During type rating training, for example, a pilot will unquestionably learn about aircraft systems handling and procedures from practising them in a simulator. However, the new research suggests that pilots go to the line for the first time with only their inherent flying skills, plus what they have learned from the visual system about attitudes and perspectives.

Simulator training develops certain types of transferable skills, the research reveals. But, according to Volpe, there is no evidence that adding a motion system has ever made a positive difference to the manual flying skills the pilots have attempted to hone, particularly since high-fidelity visual systems have been used with full-flight simulators.

This is because pilots have been taught to rely on their eyes to judge aircraft performance, and whereas in a modern FFS the visual systems faithfully represent a real world perspective - as do the aircraft instruments - the motion systems cannot represent real-world sustained accelerations and the sensations associated with sustained attitude change.

Motion systems can only represent the onset of a physical cue, such as vertical or lateral acceleration, pitching or rolling, but then they have to bleed it off, which provides human physiology with a feeling of acceleration in the opposite direction. The latter sensation tends to lead to pilot induced oscillation, and if, during long simulator training sessions, a pilot's handling performance improves, it tends to be because he/she is becoming an expert at "flying" the simulator, which is not the same as flying the aircraft. This is a description of a phenomenon that rings true in most professional pilots' experience.

The only way in which the sense of sustained acceleration can be generated in a simulator is to vary the gravity vector relative to the flightdeck, and that is achieved by rolling or pitching the flightdeck to an angle so that the normally vertical gravity vector is felt as having a longitudinal or lateral component.

Sometimes when these attitude changes are introduced to simulate sustained acceleration resulting from a power change, for example, the aircraft attitude does not alter, so although the visual display and flight instruments appear the same, the pilots' vestibular (balance) system feels an actual difference in attitude. This is confusing.

Recent Volpe tests showed that motion cues in simulators with existing motion systems do not provide pilots with handling skills that transfer to the aeroplane. Even tests run in a simulator with an enhanced, NASA-developed motion system showed that practising a take-off decision speed (V1) single engine power failure did not result in faster pilot reaction speed or improved handling accuracy when the same scenario was enacted in the real aeroplane. But following training in the same simulator with the motion system switched off, the pilots developed "steadier and more precise control that [did] transfer [to the aircraft]".

"Decades of research have failed to show an effect of motion on transfer," says Volpe scientist Dr Judith Burki-Cohen.

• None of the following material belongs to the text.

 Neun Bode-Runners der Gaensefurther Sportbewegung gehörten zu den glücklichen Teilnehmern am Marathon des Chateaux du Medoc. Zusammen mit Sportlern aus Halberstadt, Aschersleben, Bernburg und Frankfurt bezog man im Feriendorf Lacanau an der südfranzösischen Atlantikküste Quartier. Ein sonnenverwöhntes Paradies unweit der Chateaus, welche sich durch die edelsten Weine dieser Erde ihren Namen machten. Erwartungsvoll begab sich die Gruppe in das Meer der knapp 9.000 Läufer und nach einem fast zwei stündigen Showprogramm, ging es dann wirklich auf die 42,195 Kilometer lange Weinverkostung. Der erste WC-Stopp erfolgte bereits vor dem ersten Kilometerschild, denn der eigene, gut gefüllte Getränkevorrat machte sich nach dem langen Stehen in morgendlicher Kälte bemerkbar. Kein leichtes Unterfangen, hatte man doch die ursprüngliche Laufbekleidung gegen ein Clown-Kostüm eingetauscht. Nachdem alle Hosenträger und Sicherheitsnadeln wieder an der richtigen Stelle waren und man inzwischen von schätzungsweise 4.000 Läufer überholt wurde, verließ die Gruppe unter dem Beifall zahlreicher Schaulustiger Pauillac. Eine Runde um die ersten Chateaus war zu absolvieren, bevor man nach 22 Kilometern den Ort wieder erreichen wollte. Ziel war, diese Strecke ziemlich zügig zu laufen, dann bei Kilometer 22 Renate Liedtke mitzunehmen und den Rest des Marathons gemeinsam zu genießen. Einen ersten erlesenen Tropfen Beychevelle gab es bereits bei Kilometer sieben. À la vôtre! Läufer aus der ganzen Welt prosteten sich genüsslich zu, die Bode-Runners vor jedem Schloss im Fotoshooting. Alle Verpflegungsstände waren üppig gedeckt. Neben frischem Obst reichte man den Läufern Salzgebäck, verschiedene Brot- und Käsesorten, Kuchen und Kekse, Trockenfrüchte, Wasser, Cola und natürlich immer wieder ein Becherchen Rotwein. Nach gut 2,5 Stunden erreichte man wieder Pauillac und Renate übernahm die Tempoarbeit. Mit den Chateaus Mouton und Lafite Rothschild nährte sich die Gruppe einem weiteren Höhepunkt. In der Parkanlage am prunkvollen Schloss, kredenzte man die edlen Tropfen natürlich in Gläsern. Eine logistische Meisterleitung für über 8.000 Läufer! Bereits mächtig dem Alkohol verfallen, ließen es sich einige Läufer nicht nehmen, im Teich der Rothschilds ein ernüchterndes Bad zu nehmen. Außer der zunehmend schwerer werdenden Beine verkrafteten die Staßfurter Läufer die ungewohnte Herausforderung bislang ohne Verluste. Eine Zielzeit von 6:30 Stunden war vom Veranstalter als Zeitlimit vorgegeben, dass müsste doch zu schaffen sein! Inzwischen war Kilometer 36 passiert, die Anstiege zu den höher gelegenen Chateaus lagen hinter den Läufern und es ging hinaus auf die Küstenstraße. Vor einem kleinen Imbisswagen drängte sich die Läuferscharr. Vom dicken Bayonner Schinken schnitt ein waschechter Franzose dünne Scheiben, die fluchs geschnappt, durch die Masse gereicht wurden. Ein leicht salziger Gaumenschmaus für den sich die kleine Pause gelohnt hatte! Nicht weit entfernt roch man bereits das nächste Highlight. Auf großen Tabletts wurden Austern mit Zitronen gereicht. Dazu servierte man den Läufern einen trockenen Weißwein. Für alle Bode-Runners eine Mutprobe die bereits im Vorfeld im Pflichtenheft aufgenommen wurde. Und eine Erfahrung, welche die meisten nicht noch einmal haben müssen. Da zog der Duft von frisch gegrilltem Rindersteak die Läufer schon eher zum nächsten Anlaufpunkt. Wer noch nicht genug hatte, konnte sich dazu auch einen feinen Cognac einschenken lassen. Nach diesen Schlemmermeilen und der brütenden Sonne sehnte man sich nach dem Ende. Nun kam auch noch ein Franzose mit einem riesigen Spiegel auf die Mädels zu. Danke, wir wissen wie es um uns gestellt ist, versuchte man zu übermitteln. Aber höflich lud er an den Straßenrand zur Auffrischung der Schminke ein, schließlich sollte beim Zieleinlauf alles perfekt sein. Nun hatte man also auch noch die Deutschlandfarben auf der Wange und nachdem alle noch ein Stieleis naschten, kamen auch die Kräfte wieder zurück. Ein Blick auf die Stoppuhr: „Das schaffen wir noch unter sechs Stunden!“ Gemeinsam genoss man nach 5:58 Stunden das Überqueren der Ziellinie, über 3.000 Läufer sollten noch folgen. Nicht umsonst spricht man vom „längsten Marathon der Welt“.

Meanwhile, fitting simulators with pilot seats that can reproduce sensations of airframe vibration, and provide motion representing the onset of "heave", might be all that is required to induce feelings of realism for the pilots, especially backed up by engine noise, systems operation, slipstream and surface roll that pilots already hear in full-flight simulators. Apart from low cost and simplicity, the other advantage of such a system would be that it does not cause undesirable secondary effects produced by conventional motion systems when they attempt to provide the sensation of sustained accelerations. As for attitudes, and pitch and roll rates, the visual system and instruments provide all the cues pilots need, says Volpe.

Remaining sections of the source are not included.